→ Data to use:
+---+
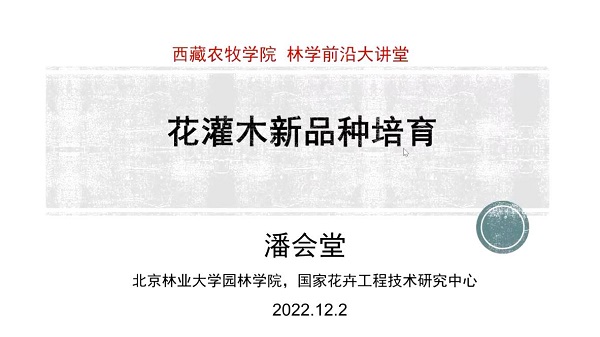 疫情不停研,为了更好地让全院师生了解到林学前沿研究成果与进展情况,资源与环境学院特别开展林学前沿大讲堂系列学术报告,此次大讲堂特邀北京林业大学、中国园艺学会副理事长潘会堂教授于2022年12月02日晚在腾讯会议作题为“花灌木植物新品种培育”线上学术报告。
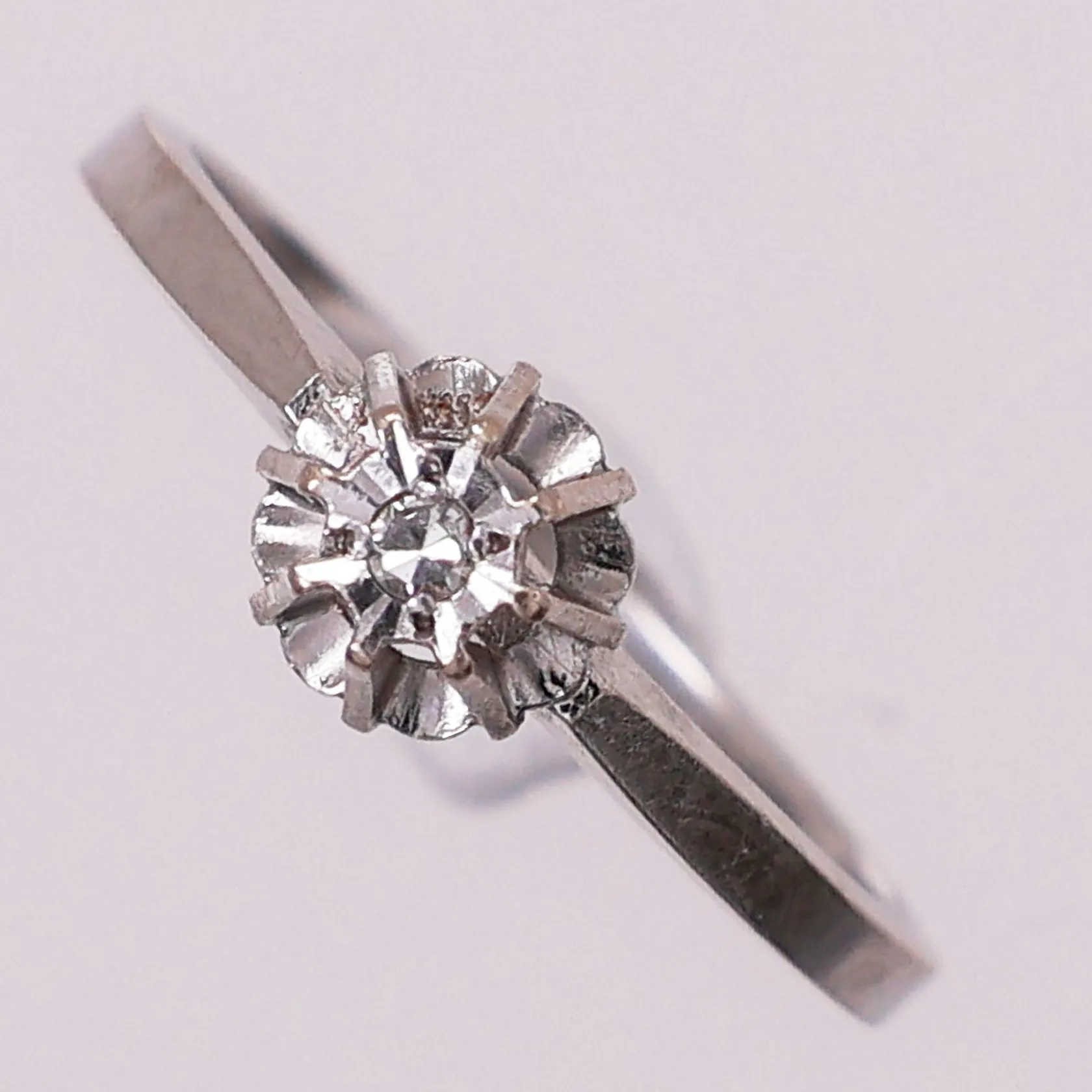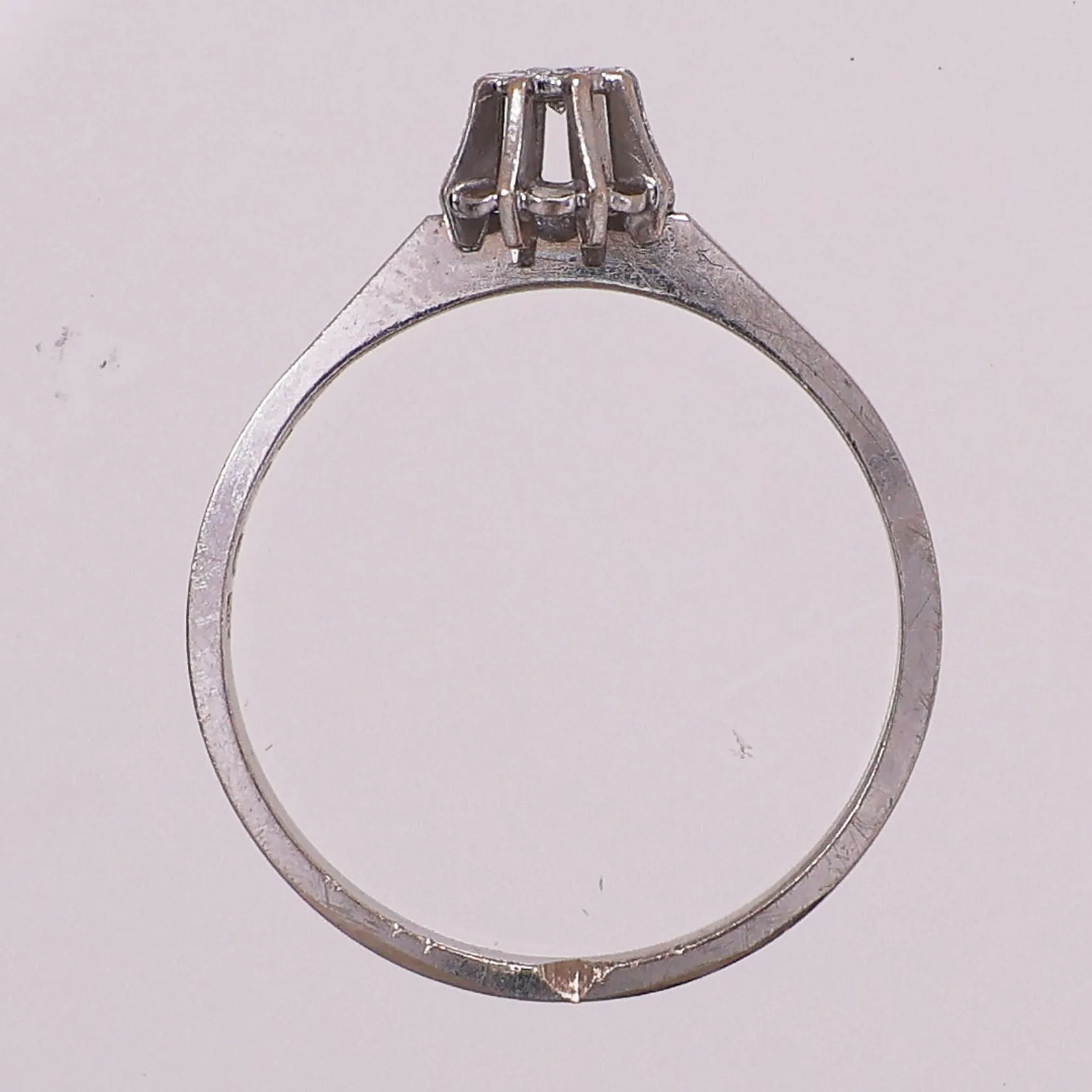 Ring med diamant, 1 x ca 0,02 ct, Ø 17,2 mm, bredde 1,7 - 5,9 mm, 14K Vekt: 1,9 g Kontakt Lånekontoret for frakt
+---+
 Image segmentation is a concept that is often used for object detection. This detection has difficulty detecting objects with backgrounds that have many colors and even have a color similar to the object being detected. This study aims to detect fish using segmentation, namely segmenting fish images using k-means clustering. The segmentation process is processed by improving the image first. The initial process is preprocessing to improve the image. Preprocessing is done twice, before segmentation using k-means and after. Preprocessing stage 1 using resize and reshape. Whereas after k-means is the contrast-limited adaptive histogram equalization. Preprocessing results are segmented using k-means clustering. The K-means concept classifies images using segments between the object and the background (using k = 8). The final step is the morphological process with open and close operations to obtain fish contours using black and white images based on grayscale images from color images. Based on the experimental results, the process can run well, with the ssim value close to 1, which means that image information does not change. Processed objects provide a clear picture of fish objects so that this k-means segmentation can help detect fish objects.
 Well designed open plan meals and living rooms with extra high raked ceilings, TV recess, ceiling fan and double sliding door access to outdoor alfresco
+---+
→ Exercise requirements: Retype the portion of the data above that starts on the line with "Image segmentation is" and finishes on the line with "Well designed open", including both of those lines.

→ Task output:
 Image segmentation is a concept that is often used for object detection. This detection has difficulty detecting objects with backgrounds that have many colors and even have a color similar to the object being detected. This study aims to detect fish using segmentation, namely segmenting fish images using k-means clustering. The segmentation process is processed by improving the image first. The initial process is preprocessing to improve the image. Preprocessing is done twice, before segmentation using k-means and after. Preprocessing stage 1 using resize and reshape. Whereas after k-means is the contrast-limited adaptive histogram equalization. Preprocessing results are segmented using k-means clustering. The K-means concept classifies images using segments between the object and the background (using k = 8). The final step is the morphological process with open and close operations to obtain fish contours using black and white images based on grayscale images from color images. Based on the experimental results, the process can run well, with the ssim value close to 1, which means that image information does not change. Processed objects provide a clear picture of fish objects so that this k-means segmentation can help detect fish objects.
 Well designed open plan meals and living rooms with extra high raked ceilings, TV recess, ceiling fan and double sliding door access to outdoor alfresco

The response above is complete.